### [DATASET CONTENT]
━━━━━━━━━━━━━━━━━━━━━━━━━━━━━━
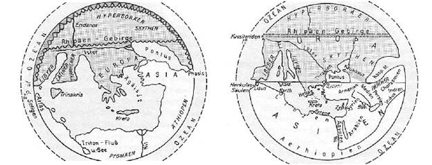 Im 5. und 4. Jh v.u.Z. wiesen die Pythagoreer erstmalig auf die Kugelgestalt der Erde hin, eine Auffassung, die von Aristoteles weiterentwickelt wurde. Eratosthenes stellte im 3. jh v.u.Z. bereits die ersten Berechnungen über die Größe der Erde an. Pytheas entdeckte auf seiner Seereise nach Norden nicht nur das Land der Mitternachtssonne «Thule», sondern berichtete auch von Gezeiten, Gletschern und Eisflächen. Durch die Kriegszüge des Alexander von Makedonien, der von Gelehrten begleitet wurde, gelangten erste Nachrichten über die Landschaften bis zum Syr-Darja in Mittelasien und bis zum Indus in Vorderindien nach Griechenland. Um 100 v.u.Z. wurde die Erscheinung der Monsune für den Bereich des Indischen Ozeans bekannt, die nun von Händlern der Mittelmeergebiete für ihre Fahrten bis Hinterindien genutzt wurden. Mit der Ausweitung des römischen Reiches im 3. und 2. Jh. v.u.Z. wurden weitere Teile Europas, Afrikas und Asiens entschleiert, so dass Ptolemäus (2.Jh. u.Z.) in der Lage war, in seinen berühmten Schriften ein relativ geschlossenes Bild der Erde des Altertums zu zeichnen.
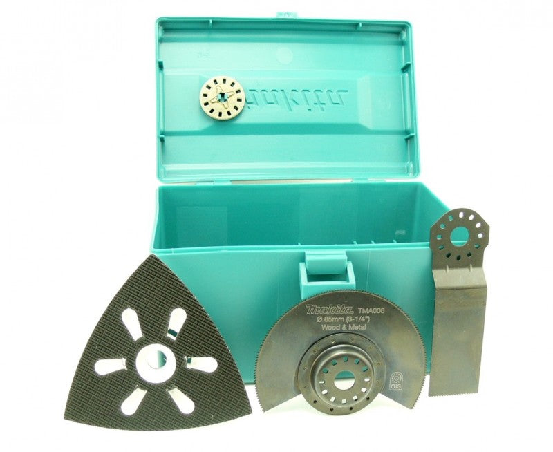 Herramienta multifunción Makita BTM 50 con batería de iones de litio de 18 V + maletín Makita que incluye juego de herramientas de 8 piezas
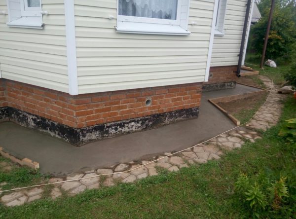 연질 콘크리트 에이프런 시공 시 습한 기초는 방수가 제대로 되지 않아 발생합니다. 이러한 배수 시스템의 마감재로는 쇄석, 잔디, 또는 메틀라흐 타일이 사용됩니다. 이러한 마감재는 순전히 장식용일 뿐이며, 기초로 물이 침투하는 것을 막지는 못합니다. 습기로 포화된 습한 콘크리트 기초는 영하의 온도에서 손상됩니다. 이는 콘크리트 덩어리에 생긴 균열과 조각으로 알 수 있습니다.
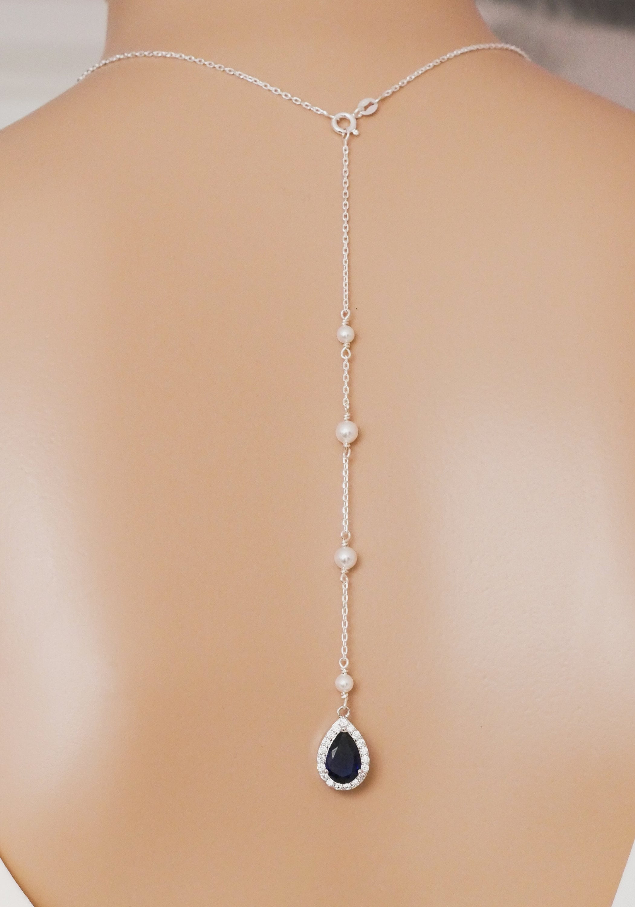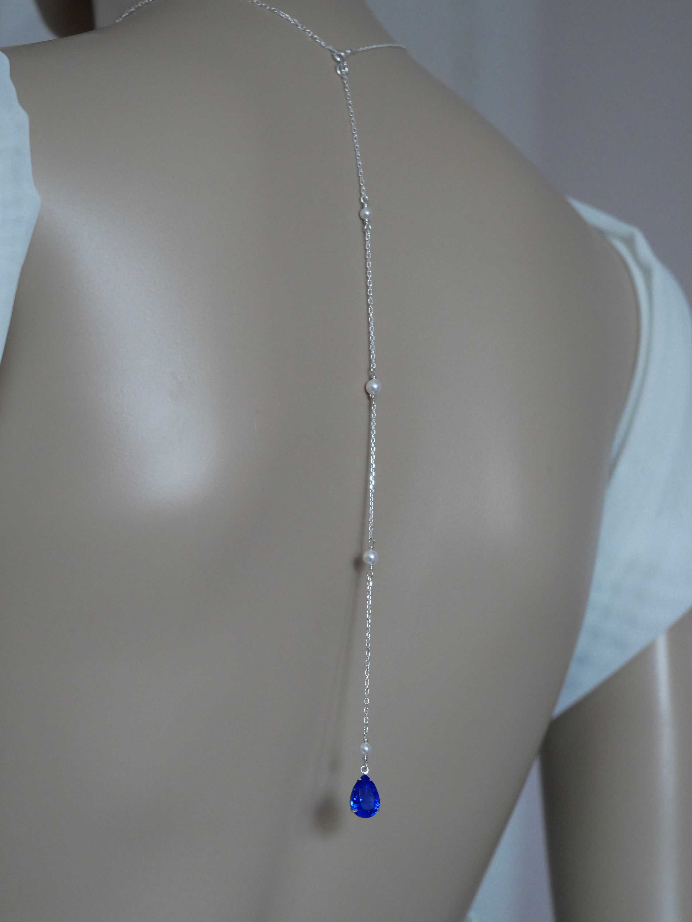 Backdrop necklace measurements are taken from the nape of your neck down to where you’d like the drop to sit. One piece backdrop chains fit over your head and the v section sits approximately 6” from the nape of your neck.
━━━━━━━━━━━━━━━━━━━━━━━━━━━━━━
### [EXERCISE]
What the answer needs is every line from the one with "연질 콘크리트 에이프런" through the last line of the data, reproduced word for word and with pictures omitted.

### [EXERCISE RESPONSE]
 연질 콘크리트 에이프런 시공 시 습한 기초는 방수가 제대로 되지 않아 발생합니다. 이러한 배수 시스템의 마감재로는 쇄석, 잔디, 또는 메틀라흐 타일이 사용됩니다. 이러한 마감재는 순전히 장식용일 뿐이며, 기초로 물이 침투하는 것을 막지는 못합니다. 습기로 포화된 습한 콘크리트 기초는 영하의 온도에서 손상됩니다. 이는 콘크리트 덩어리에 생긴 균열과 조각으로 알 수 있습니다.
 Backdrop necklace measurements are taken from the nape of your neck down to where you’d like the drop to sit. One piece backdrop chains fit over your head and the v section sits approximately 6” from the nape of your neck.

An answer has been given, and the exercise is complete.